I had been businesslike?
“You’ll be happier in college,” he said.
I blinked at him.
“I just think you’re that kind of person.”
“Is this about the Times article?”
“No. Well, not exactly. It’s not like anything you said in the article surprised me.”
To be talking about something other than us and whether he’d ever touch me again seemed a waste of time. And yet I was intrigued.
“Your mistake wasn’t expressing your ideas per se,” he said. “It was expressing them in The New York Times instead of writing an editorial for The A.V., or giving a chapel talk. In the Times, you’re just giving ammunition to people who want to think prep schools are evil, which isn’t what will make anything change on this campus.”
“So you think things should change?”
“Some things, sure. On the whole, Ault does a good job, but there’s always room for improvement.” Of course he thought this-what a balanced perspective!
“Were you appalled that I said all that stuff to the reporter?” I asked.

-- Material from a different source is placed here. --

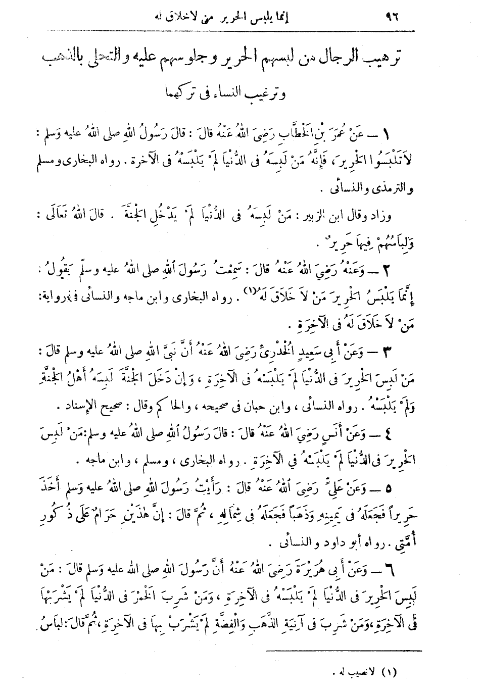 1 - عن عمر بن الخطاب رضي الله عنه قال: قال رسول الله صلى الله عليه وسلم: "لا تلبسوا الحرير، فإنه من لَبِسَهُ في الدنيا لم يلبسه في الآخرة" رواه البخاري، ومسلم، والترمذي والنسائي، وزاد وقال ابن الزبير: من لبسه في الدنيا لم يدخل الجنة. قال الله تعالى: "وَلِبَاسُهُمْ فِيهَا حَرِيرٌ".

“You could have chosen a different forum. That’s my only point. That, and that I think it’s good you’re going to a big school, somewhere less conformist than Ault. Which isn’t to say you’re as weird as you think you are.” (How bizarre this conversation was turning out to be, what surprising remarks were emerging from Cross’s mouth.) “You confuse being weird and spending time alone,” he continued. “But anyone who’s really interested in anything spends time alone. Like basketball for me-look at what I’m doing right now. Or Norie Cleehan and pottery, or Horton and ballet. I could give twenty other examples. If you want to be good at something, you have to practice, and usually you practice by yourself. The fact that you spend time alone-you shouldn’t feel like it’s strange.”
But I’m not practicing anything, I thought. Or, if I had been: What was it?